#### SUPPLIED RECORDS:

--- START ---

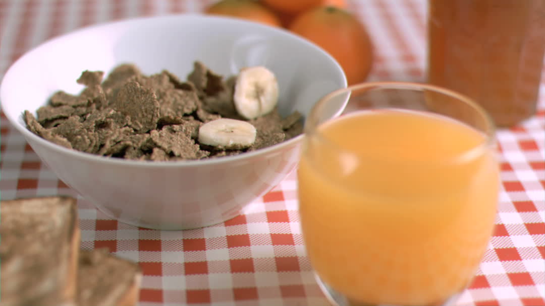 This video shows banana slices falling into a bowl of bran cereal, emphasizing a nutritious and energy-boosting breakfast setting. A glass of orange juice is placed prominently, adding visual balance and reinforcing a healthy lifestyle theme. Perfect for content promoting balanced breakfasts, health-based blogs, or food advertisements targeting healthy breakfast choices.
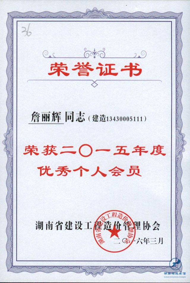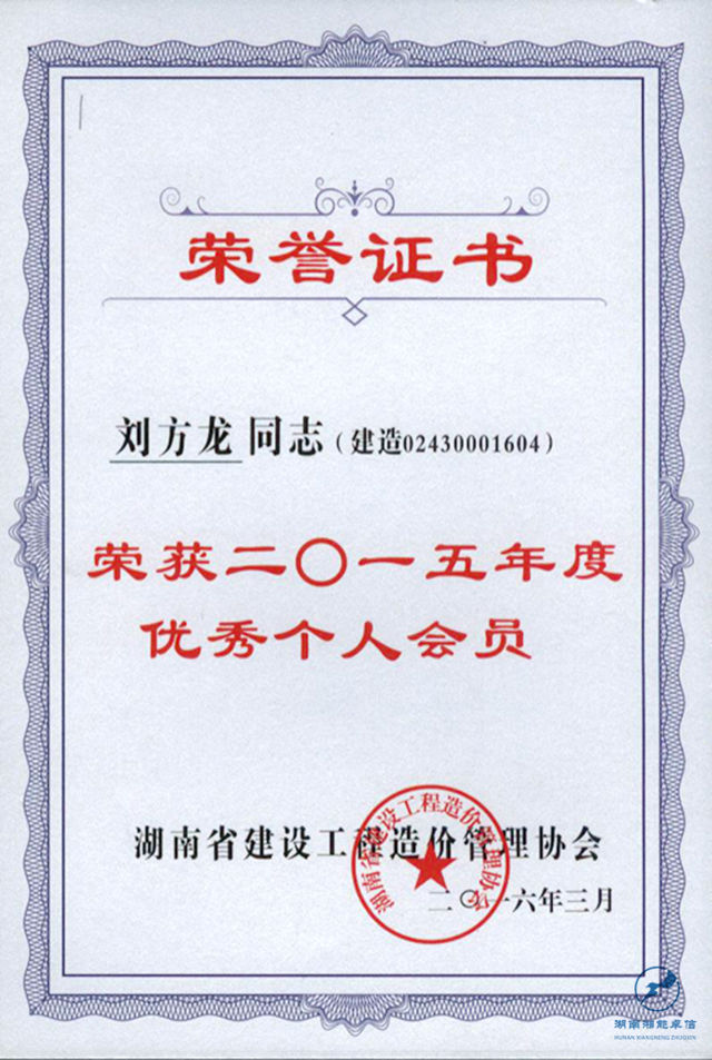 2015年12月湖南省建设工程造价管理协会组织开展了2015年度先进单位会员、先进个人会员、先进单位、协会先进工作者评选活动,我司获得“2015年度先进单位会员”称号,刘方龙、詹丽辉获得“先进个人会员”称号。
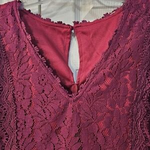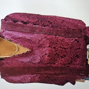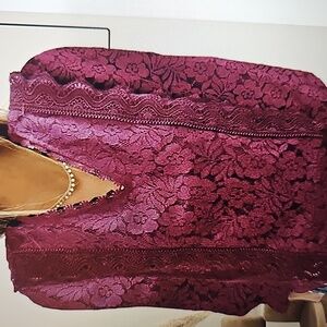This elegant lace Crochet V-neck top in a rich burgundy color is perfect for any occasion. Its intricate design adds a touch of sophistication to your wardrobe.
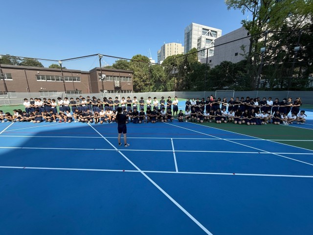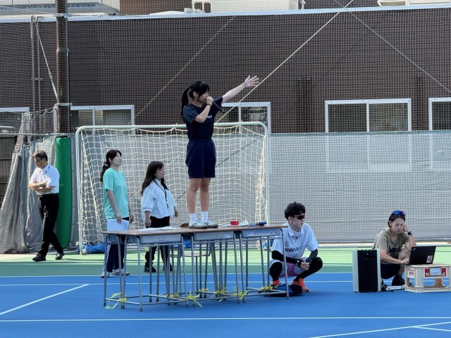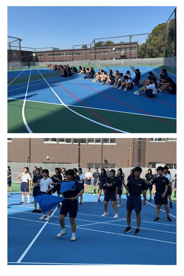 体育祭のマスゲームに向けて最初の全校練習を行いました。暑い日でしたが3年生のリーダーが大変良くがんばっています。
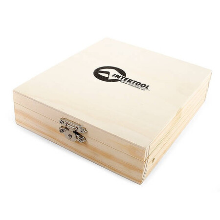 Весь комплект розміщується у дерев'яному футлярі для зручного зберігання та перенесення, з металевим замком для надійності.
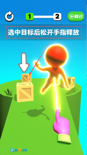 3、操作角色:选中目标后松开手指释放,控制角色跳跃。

--- END ---
--- START ---

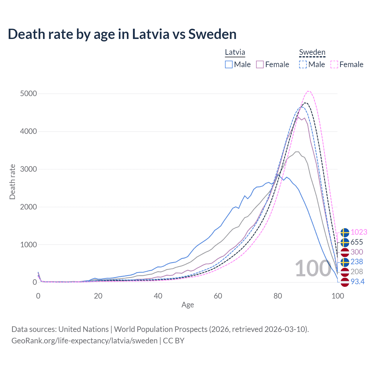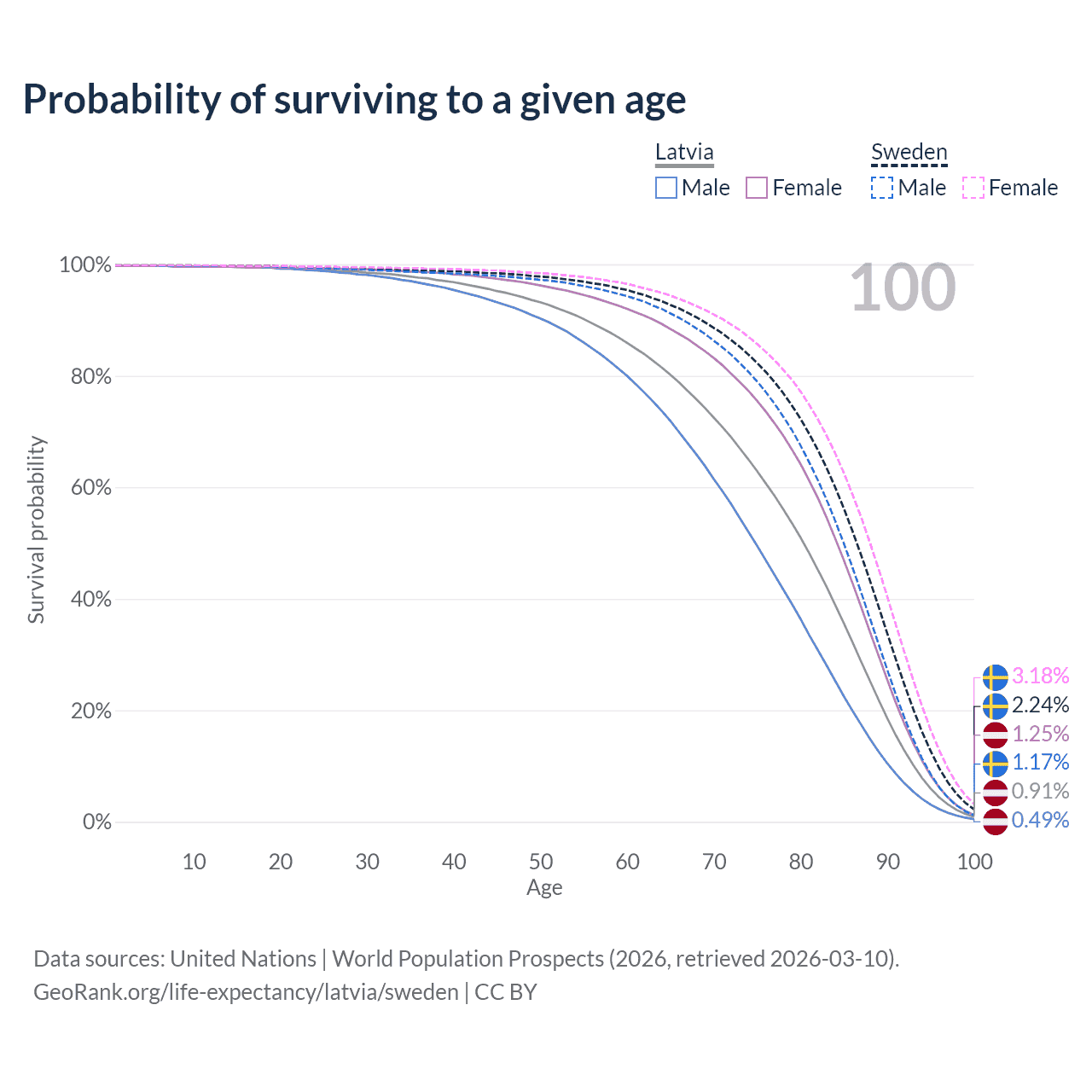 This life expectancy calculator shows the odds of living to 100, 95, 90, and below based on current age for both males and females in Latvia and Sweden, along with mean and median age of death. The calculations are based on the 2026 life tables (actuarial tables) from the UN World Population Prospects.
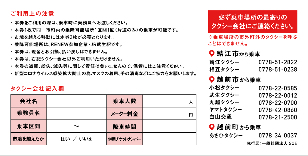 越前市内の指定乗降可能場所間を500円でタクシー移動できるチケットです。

--- END ---
--- START ---

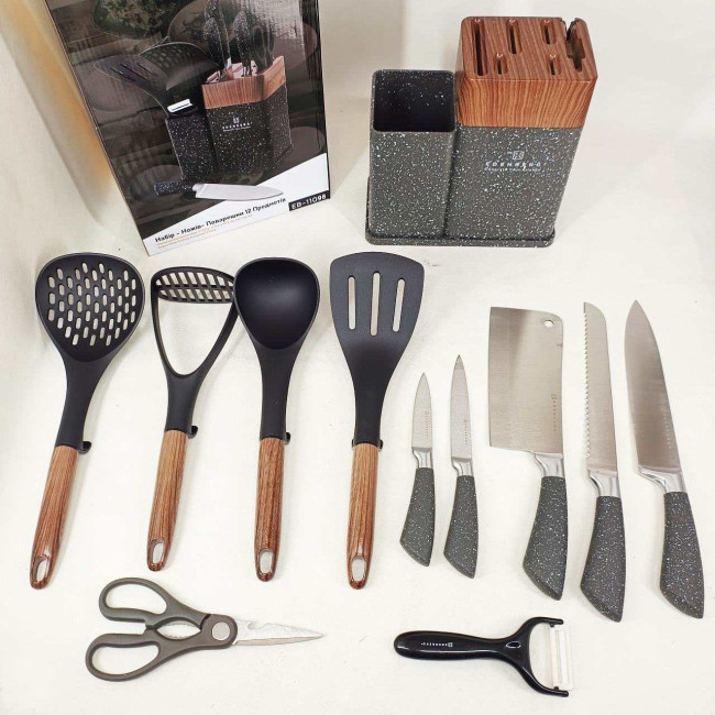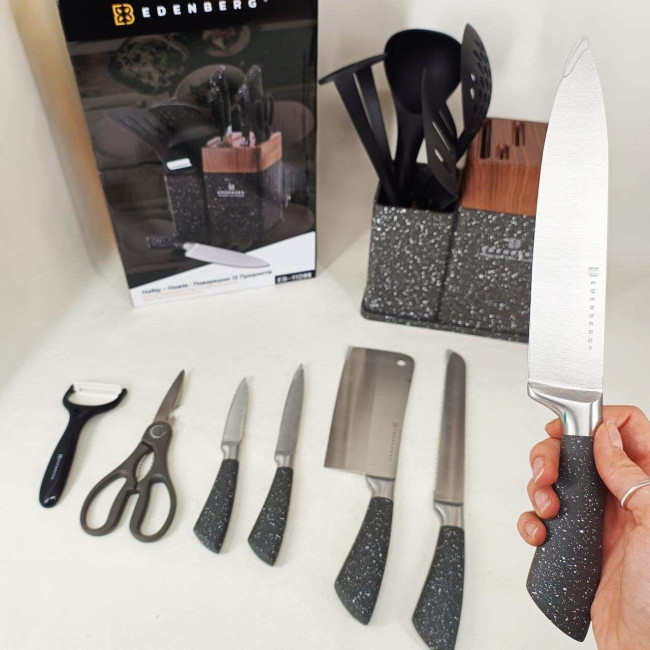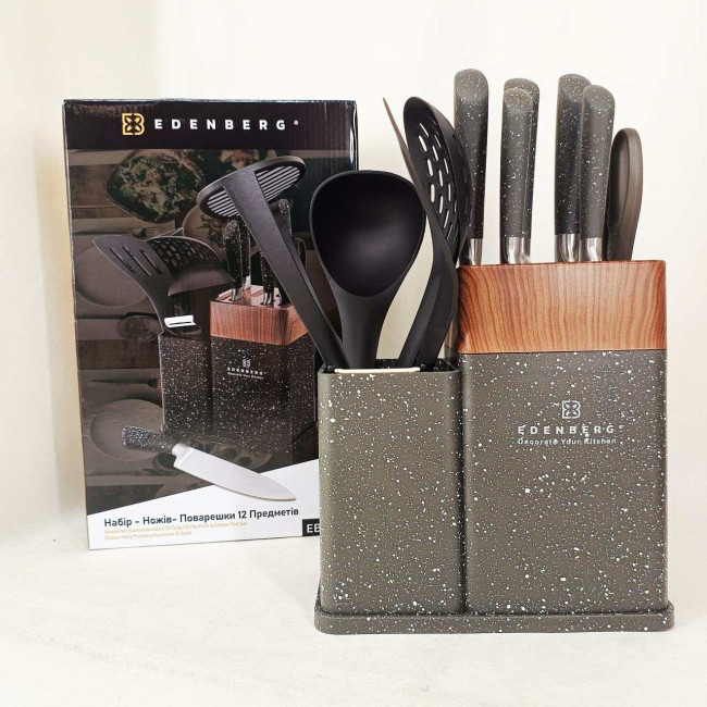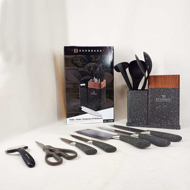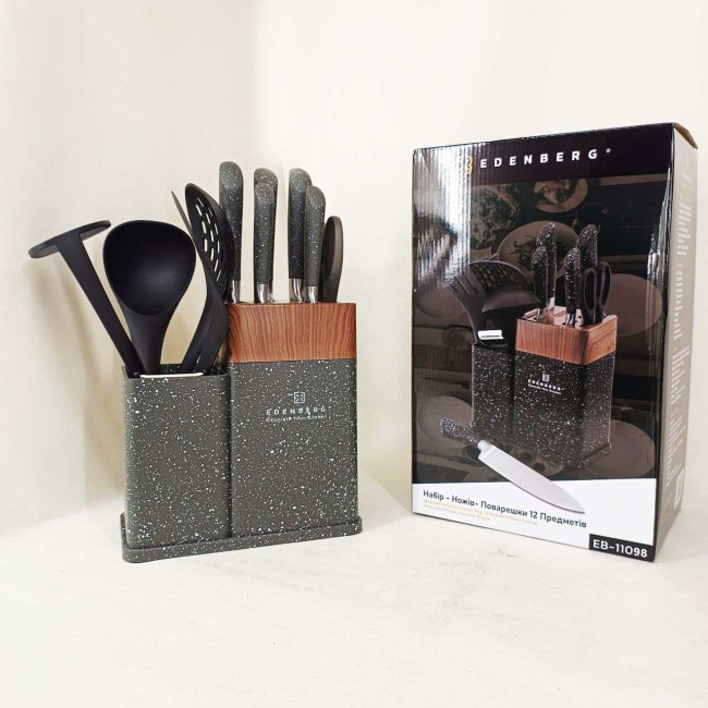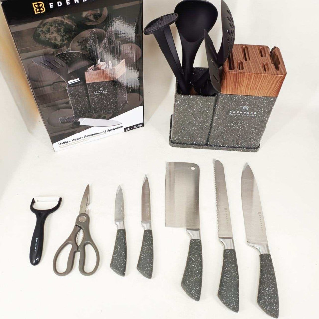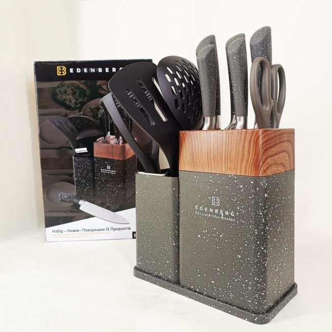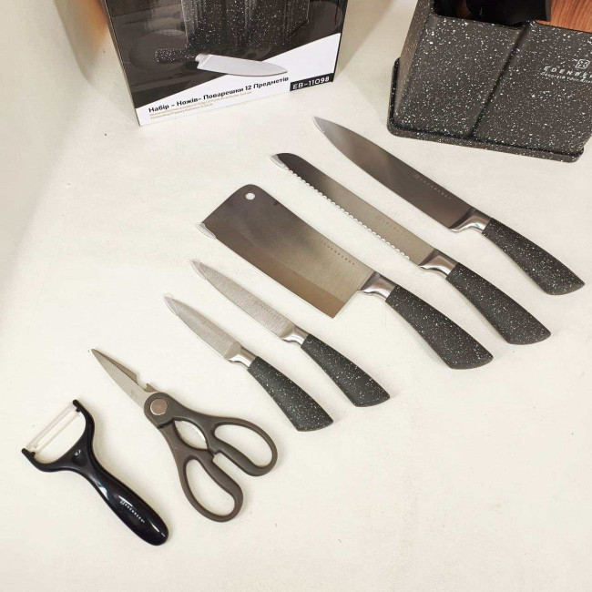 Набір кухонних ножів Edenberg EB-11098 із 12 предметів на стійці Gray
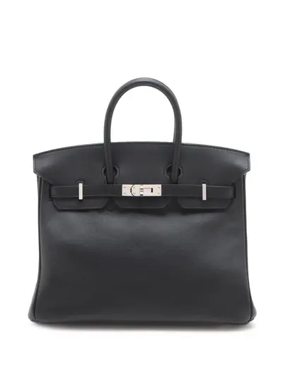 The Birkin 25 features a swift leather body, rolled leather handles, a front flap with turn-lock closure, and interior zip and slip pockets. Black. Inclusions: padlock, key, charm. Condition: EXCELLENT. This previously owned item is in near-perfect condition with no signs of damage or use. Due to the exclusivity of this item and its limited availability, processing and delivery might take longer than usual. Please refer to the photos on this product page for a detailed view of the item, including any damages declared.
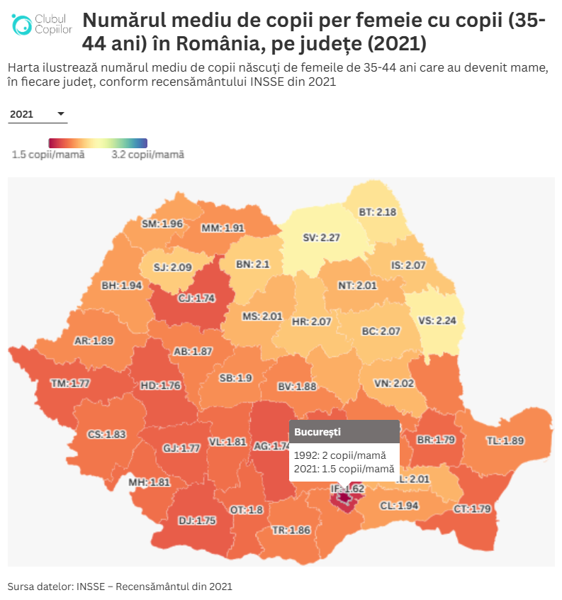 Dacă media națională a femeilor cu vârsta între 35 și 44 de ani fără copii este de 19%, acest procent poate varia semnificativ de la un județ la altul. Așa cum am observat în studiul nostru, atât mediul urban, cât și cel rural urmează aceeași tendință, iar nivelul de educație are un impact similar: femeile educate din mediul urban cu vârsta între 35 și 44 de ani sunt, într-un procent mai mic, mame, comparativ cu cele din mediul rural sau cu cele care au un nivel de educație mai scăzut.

--- END ---

#### WORK REQUEST:
Look above for the line with "Весь комплект розміщується" and the line with "3、操作角色:选中目标后松开手指释放,控制角色跳跃。"; set down those two lines and all lines between them exactly, without pictures and without anything else.

#### WRITTEN SOLUTION:
 Весь комплект розміщується у дерев'яному футлярі для зручного зберігання та перенесення, з металевим замком для надійності.
 3、操作角色:选中目标后松开手指释放,控制角色跳跃。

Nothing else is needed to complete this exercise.